LISTED ENTRIES —
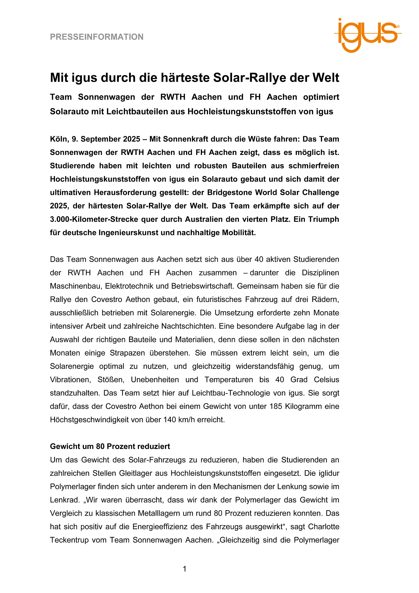 Köln, 9. September 2025 – Mit Sonnenkraft durch die Wüste fahren: Das Team Sonnenwagen der RWTH Aachen und FH Aachen zeigt, dass es möglich ist. Studierende haben mit leichten und robusten Bauteilen aus schmierfreien Hochleistungskunststoffen von igus ein Solarauto gebaut und sich damit der ultimativen Herausforderung gestellt: der Bridgestone World Solar Challenge 2025, der härtesten Solar-Rallye der Welt. Das Team erkämpfte sich auf der 3.000-Kilometer-Strecke quer durch Australien den vierten Platz. Ein Triumph für deutsche Ingenieurskunst und nachhaltige Mobilität.
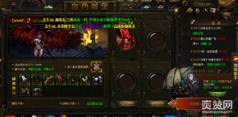 首先进入的方式非常的简单,在我们的游戏界面的右上角,就能够看到血色城堡的入口了。点击一下血色城堡的图标就能够打开血色城堡的界面了。在血色城堡的界面,我们可以看到这个血色城堡的等级是几级到几级的。适合闯关的战斗力是多少,在通关了之后,我们能够获得的奖励是什么。并且boss掉落的物品又是什么?并且要知道副本并不是你想进就可以进的,还需要挑战券,在这方面界面上也会告诉你进入血色城堡的道具是什么。我们可以选择组队获得单人进入到副本当中。
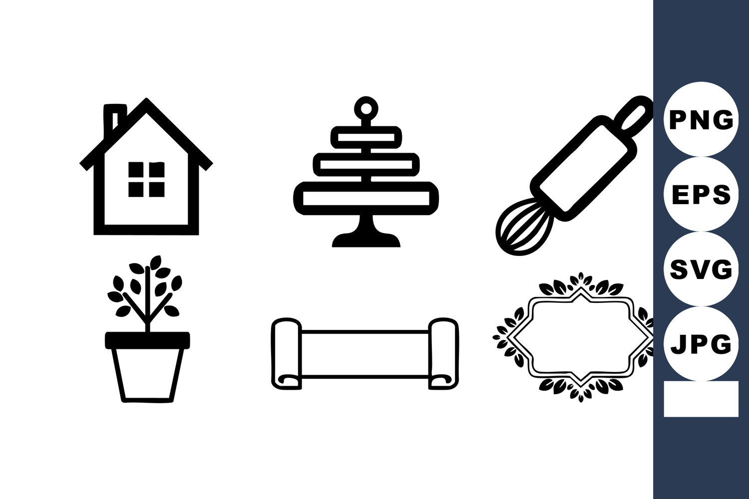 Vector icons showing home, plant, cake stand, rolling pin, scroll, and decorative frame in simple black outline style. Suitable for kitchen and home design projects. Clean and modern mood.
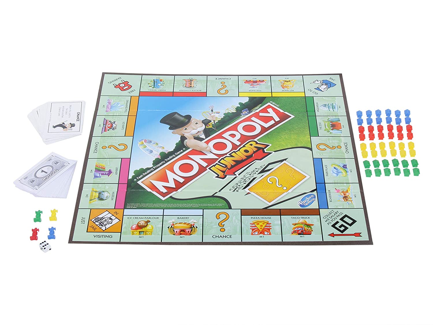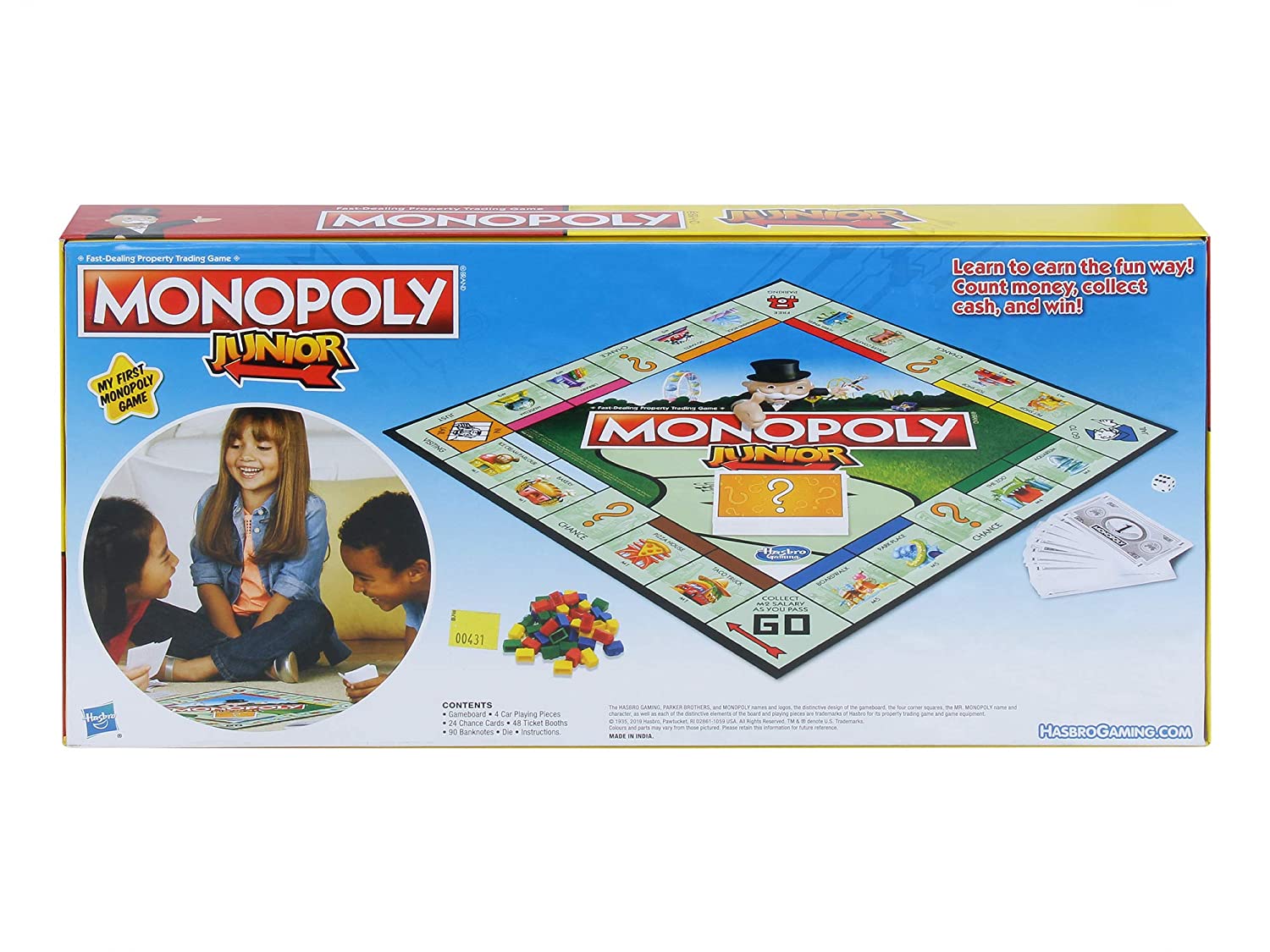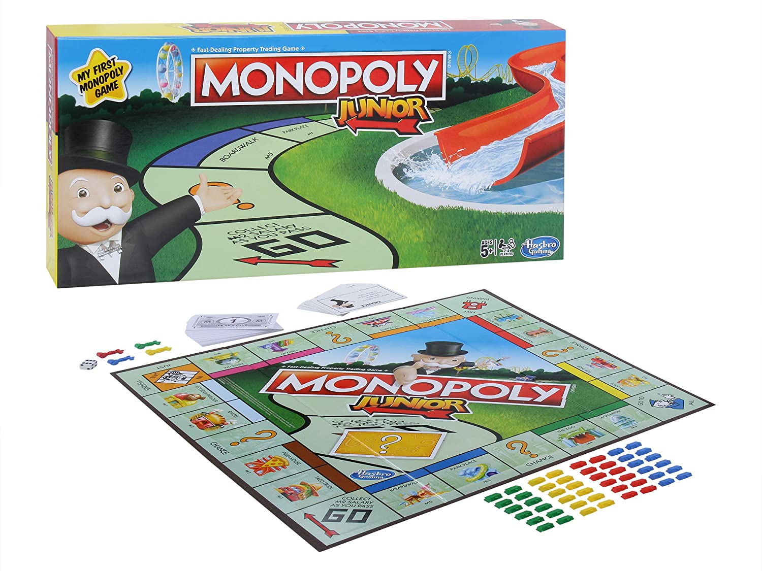 The MONOPOLY junior game is a simple introduction to the iconic MONOPOLY game. With easy and exciting gameplay, kids can have a fun, fast adventure as they move around the board as they journey through the cityscape of MONOPOLY town. Players land on kid-friendly spaces in MONOPOLY town such as the ice cream parlor, the roller coaster, and the zoo, as they buy up properties, collect rent, and discover their fortune. The player with the most money after any other player goes bankrupt wins! The Hasbro, Hasbro gaming, Parker brothers, and MONOPOLY names and logos, the distinctive design of the game board, The four corner squares, the Mr. MONOPOLY name and character, as well as each of the distinctive elements of the board and playing pieces are trademarks of Hasbro for its property trading game and game equipment.
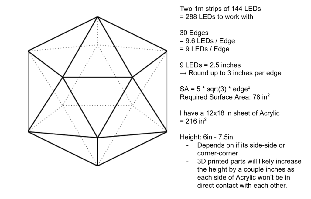 For planning the design of my infinity cube, I decided to base my calculations on making an infinity icosahedron (or in D&D terms: D20) as if I’m going to go the route of making a functional die for D&D it might as well be the most iconic die. This means that I will need to line the inside of 30 edges with LED strips in order to light up the whole object. In terms of resolution I personally wanted 10 LEDs per edge in order to have more control programmatically to create an interesting music visualizer using the icosahedron. This meant I’d need a total of 300 LEDs, however since LED strips come in 144 LEDs per 1 m, I ended up reducing the amount of LEDs per edge to 9 so that I could have enough LEDs with just two 1m strips. The required edge length and surface area can be seen in the figure bellow.
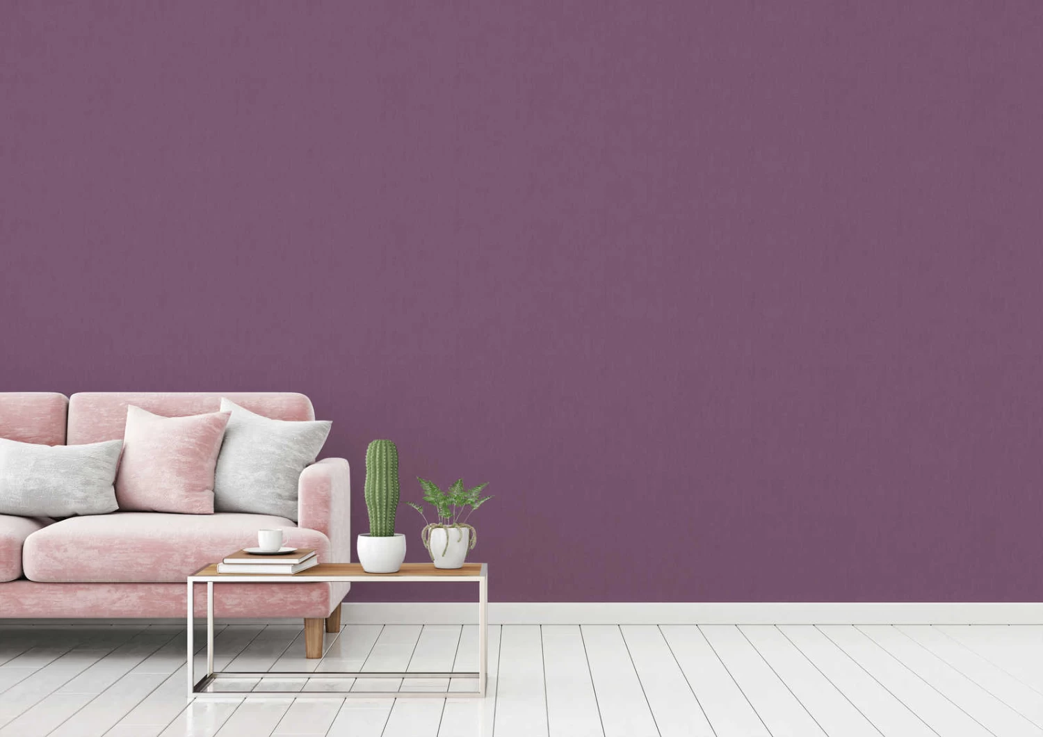 Es wird blumig – die Mustertapeten aus der Kollektion Floral Impression von Architects Paper lassen mit ihren duftenden floralen Designs die Natur bei dir einziehen – Die Vliestapete 37702-3 im textilen Uni-Design in lila passt sich hervorragend den floralen Mustern an und bringt ein romantisches Feeling in dein Zuhause.
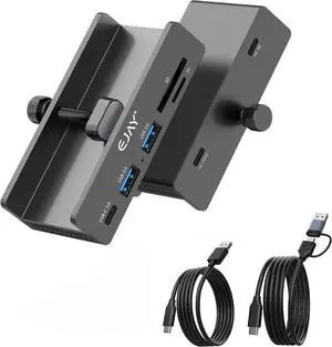 EJAY 5Ports USB3.0 HUB Alu Splitter Desktop Docking with Card Reader for Desk/Monitor Clipping with Extra Power Supply Port,59inches Data & 39inches Power Cable-5Gbps (BJ-2A1CTS-SV)
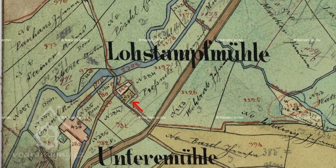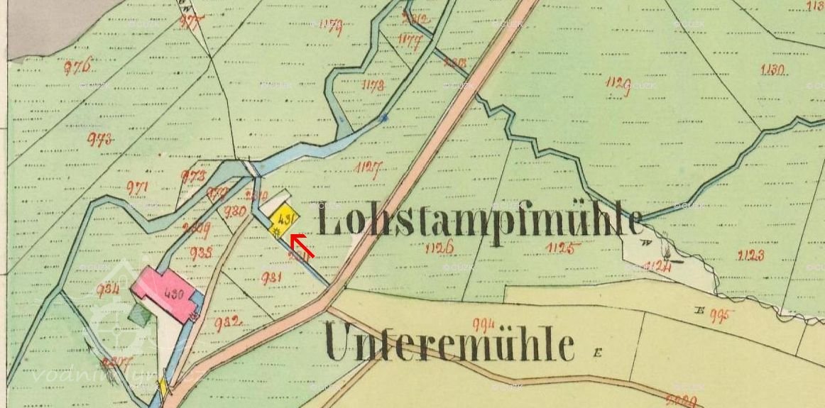 Lohstampfmühle, bývalé č.p. 384, je uváděn jako mlýn, byla u něho stoupa. Posledním majitelem byla krajkářská firma Zapp z Vejprt.
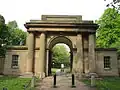 | Grand Lodge and walls 53°31′31″N 2°15′46″W / 53.52529°N 2.26272°W | ![]() | 1807 | A gateway at the southwest entrance to Heaton Park, it is in sandstone, and was designed by Lewis Wyatt. The structure consists of a round-headed archway flanked by paired Doric three-quarter columns, with impost bands, and a scrolled keystone. The entablature includes a moulded cornice, and a parapet with a panelled upstand. At the sides are single-storey flat-roofed lodges with lunettes in the returns, and the gateway is flanked on both sides by curved walls.[10][11] | II* |
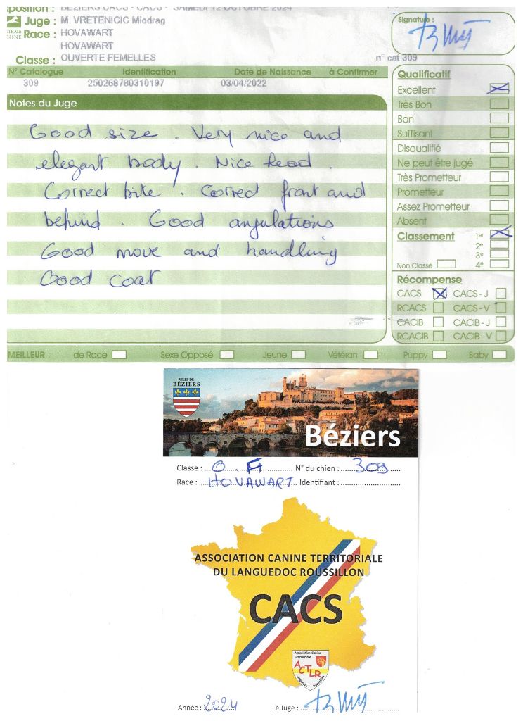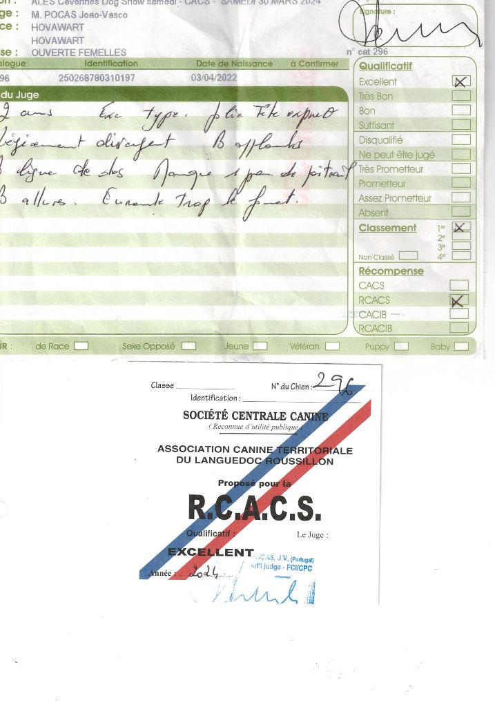 30/03/2024:Ales Dog Show, classe ouverte, Exc1, RCACS, juge J.V. Pocas (Portugal)

DESCRIPTION OF THE TASK — Given the listing above, retype only the span of lines from the line with "EJAY 5Ports USB3.0" up to and including the line with "Lohstampfmühle, bývalé č.p.", exactly as it stands and without pictures.

ANSWER FOR THIS EXERCISE —
 EJAY 5Ports USB3.0 HUB Alu Splitter Desktop Docking with Card Reader for Desk/Monitor Clipping with Extra Power Supply Port,59inches Data & 39inches Power Cable-5Gbps (BJ-2A1CTS-SV)
 Lohstampfmühle, bývalé č.p. 384, je uváděn jako mlýn, byla u něho stoupa. Posledním majitelem byla krajkářská firma Zapp z Vejprt.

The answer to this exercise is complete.